We do not mean to say that operational definitions of enhancers, whether of a reporter assay or based on biochemical features, have been anything less than tremendously useful. However, we should be continuously evolving towards a framework for discovering, characterizing and validating enhancers that is as close as possible to the biological phenomenon itself. To this point, new methods have recently emerged that overcome many of the key limitations of earlier technologies. These include single-cell (‘sc’) methods to identify cell-type-specific open chromatin in complex tissues^82,83; higher resolution chromosome conformation capture [G] methods to more finely map enhancer–promoter contacts⁸⁴; MPRAs to dissect or trap enhancer activity on a reporter vector at scale⁸⁵; and high-throughput CRISPR screens to directly perturb enhancers in their native genomic context and link them to their target genes⁸⁶.

The rapid maturation of these technologies should force us to reexamine how we operationally define enhancers. At the same time, given the heterogeneity of both biochemical and functional methods that can now be applied at scale, it is important to acknowledge that this is going to be a complicated task.

What features identify an enhancer?

Enhancers are only one class of non-coding DNA regulatory element, although they are widely presumed to be the most numerically prevalent (Box 2). For this Review, we focus on enhancers, and mammalian enhancers in particular, although many of the assays and concepts described are potentially applicable to other classes of non-coding DNA regulatory elements.

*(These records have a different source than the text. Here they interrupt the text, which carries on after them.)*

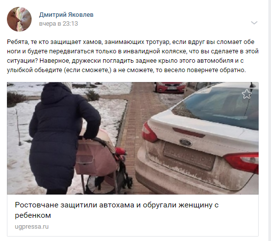 Молодая мама из Ростова-на-Дону, которой пришлось по снегу объезжать с коляской припаркованную на тротуаре машину, рассказала о случившемся в соцсетях. Но вместо того чтобы поддержать женщину и осудить нарушителя, ростовчане встали на сторону автохама.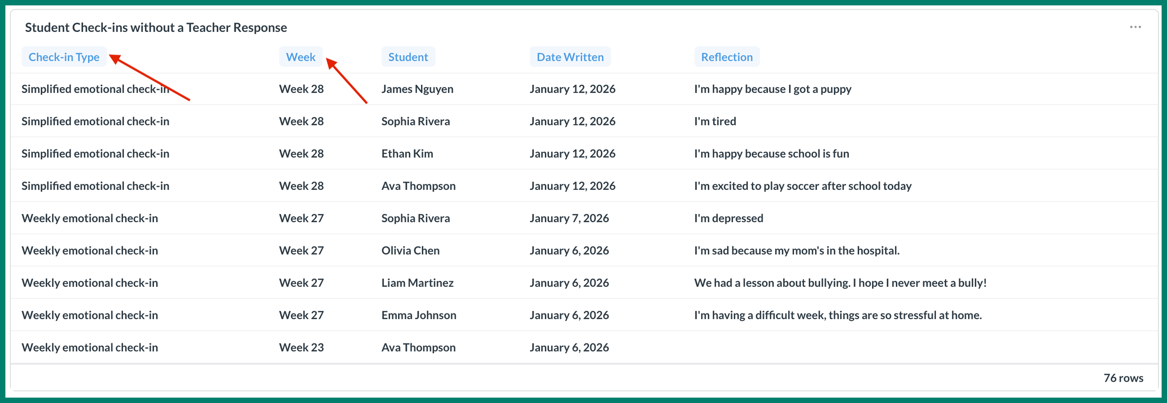 Once you're in the "Classroom insights" page, scroll down until you see the "Student Check-ins without a Teacher Response" table. For each check-in in this table, you'll see the check-in type, week number, check-in date, and student name. You'll need to know the check-in type and week to respond to a check-in.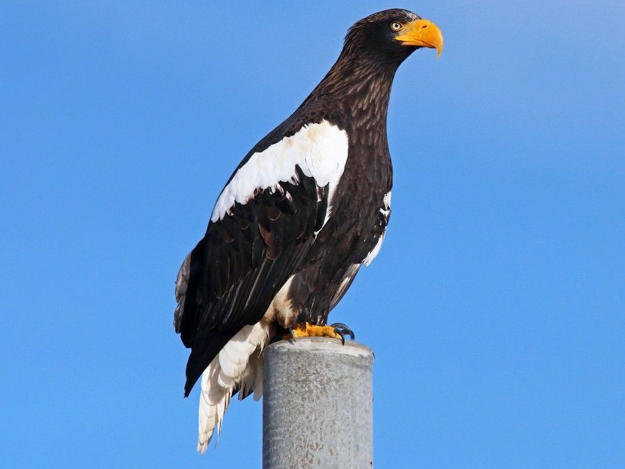 An immense eagle with large head and massive orange bill to match. Adult is striking, even from a great distance: rich brown overall, with snow-white tail, belly, and shoulder patches. Juvenile and immatures darker but usually acquire mostly white, wedge-shaped tail in second year. Younger birds can be confused with young White-tailed Eagle, but Steller’s distinguished by larger bill, wedge-shaped tail, and unique wing shape, narrow at the tip, bulging in the middle, then narrowing near the body. Plucks fish from icy seas and follows fishing boats for scraps. Often associates with White-tailed Eagles where prey is abundant.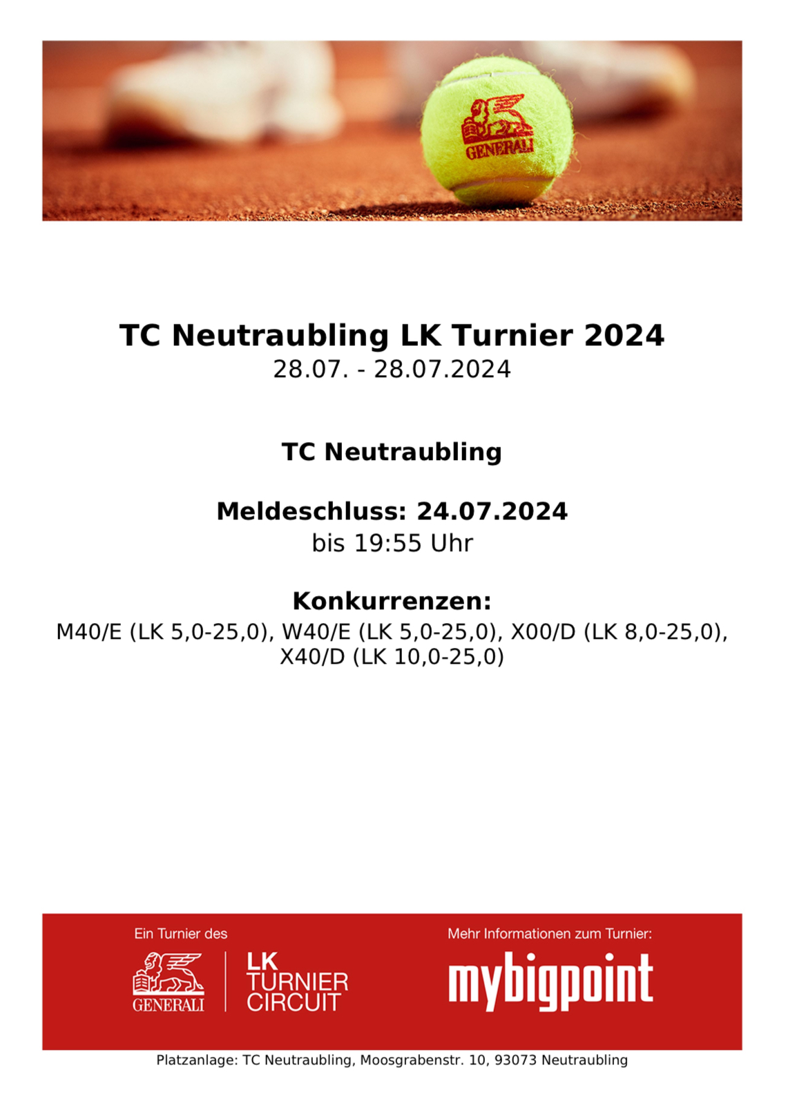 | Veranstaltungsort | Tennnisclub Neutraubling, Moosgrabenstraße 10, 93073 Neutraubling |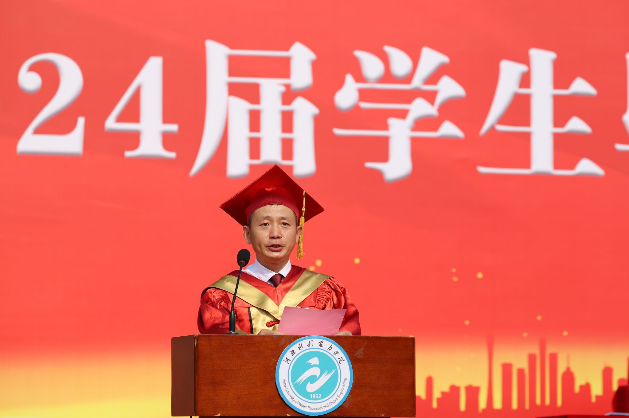 机械工程系机械设计制造及其自动化专业2004班史开红同学代表全体毕业生发言,既回顾了自己在大学里的成长历程和收获,也表达了对母校、老师和同学们的感激之情和美好祝愿,并带领全体毕业生进行了宣誓。电气自动化系自动化2303班张瑞鹤同学代表全体在校生发言,表达了对毕业生的祝福和敬意及对自己未来的憧憬和信心。河北省第二批高校“双带头人”教师党支部书记工作室负责人、土木工程系张云老师作为教师代表发言,深情表达了对同学们的不舍和祝福,希望同学们能够珍惜师生情谊,在今后的人生道路上不断学习,为社会做出自己的贡献。学校1997届电气工程系电力工程专业毕业生国网沧州供电公司副总经理、工会主席刘彦升同志作为校友代表发言,对学校的高速跨越式发展感到高兴和骄傲,并给学弟学妹们送上了美好祝福。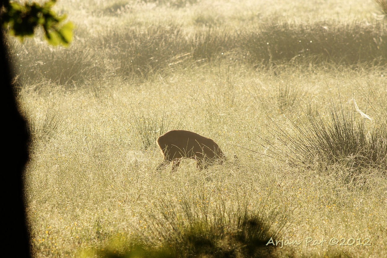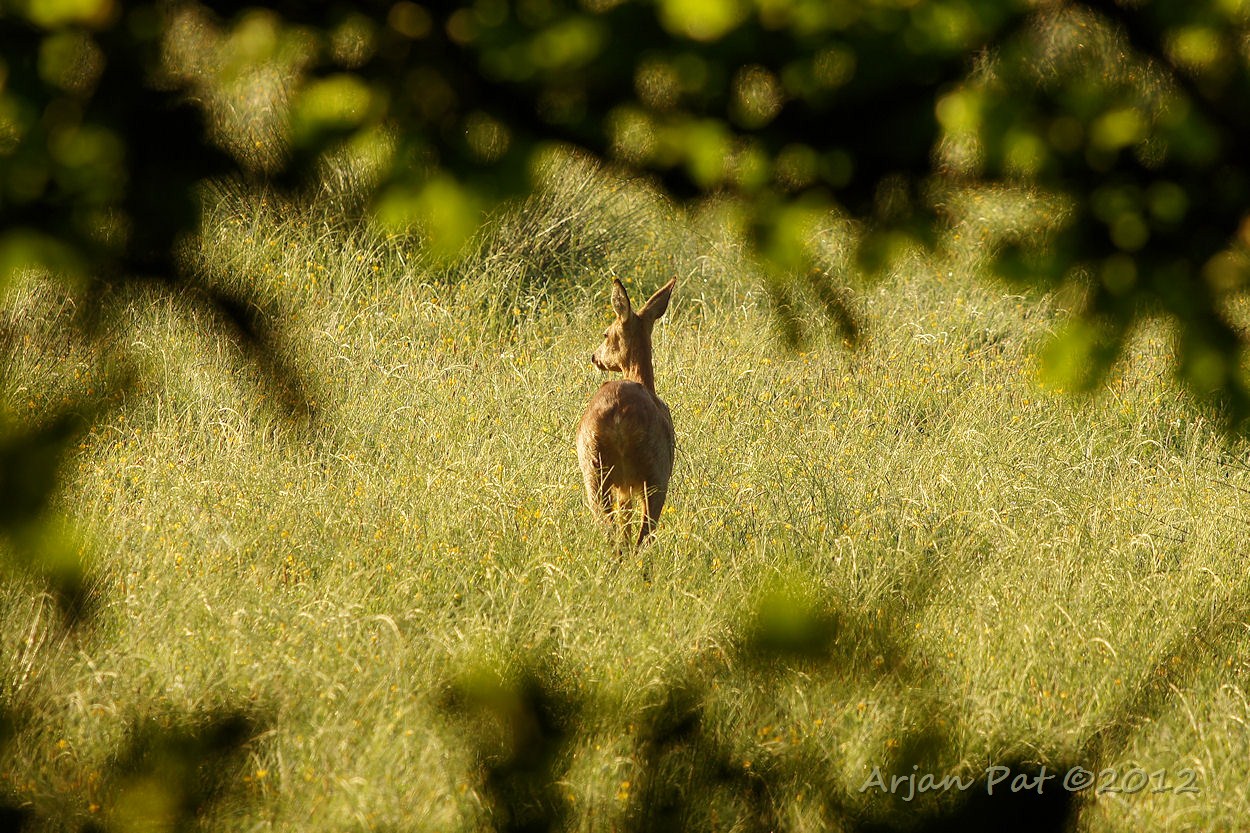 Een andere ree, slechts 100 meter verderop. Deze ree heeft ergens een jong kalfje veilig verstopt achtergelaten.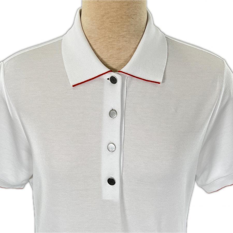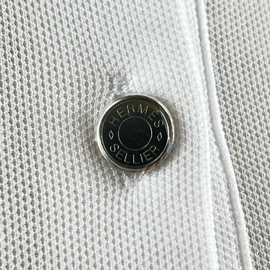 Unused HERMES Serie Button Piping Design Short Sleeve Polo Shirt White Size L Made in Italy Authentic Women's [Pre-owned]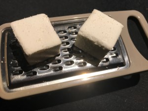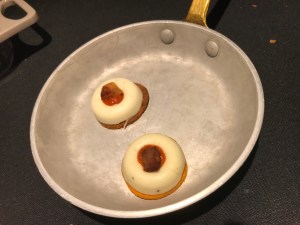 Finally, there was a deconstructed “Grandmother’s cake” crumbles served in an edible “plastic” bag, on a kitchen whisk.

Box 2. Other types of regulatory elements.

Enhancers are only one class of non-coding DNA regulatory element. This is a brief list of other major classes, perhaps unified in that they generally correspond to open chromatin in cell types in which they are active. These are not covered in detail in this Review, but many of the assays described in this Review could also be applied to these other classes of regulatory elements. Furthermore, because all of these elements share many biochemical features and/or functional characteristics, the lines between them can be blurry^59,238,239.

Promoter

An element that initiates transcription of a gene by RNA polymerase, by definition located at the 5ʹ end of the gene and encompassing its transcription start site (TSS). Composed of transcription factor (TF) binding sites that generally act independently of orientation, and core promoter elements (e.g. the TATA box) that tend to be oriented relative to the TSS²⁴⁰. Most promoters contain only a few discernable core promoter elements ²⁴¹.

Silencer

An element similar to an enhancer but that acts to reduce expression of a target gene. It tends to bind repressive TFs²⁴².

Insulator

A boundary element that restricts the ability of positive (enhancer) or negative (silencer) regulatory elements to modulate the expression of genes located on the other side of the boundary. Often bound by CTCF²⁴³.

Cis regulatory elements

Elements that regulate a target gene by a mechanism that depends on their residing on the same chromosome or episome. Regulatory elements located on the same chromosome and within 1 Mb of their target gene²⁴⁴ are often assumed to act through a cis regulatory mechanism.

Trans regulatory elements

Elements whose regulation of a target gene is mediated by a trans acting factor. Regulatory elements located over 1 Mb from their target gene on the same chromosome, or that are located on a different chromosome, are often assumed to act through a trans regulatory mechanism.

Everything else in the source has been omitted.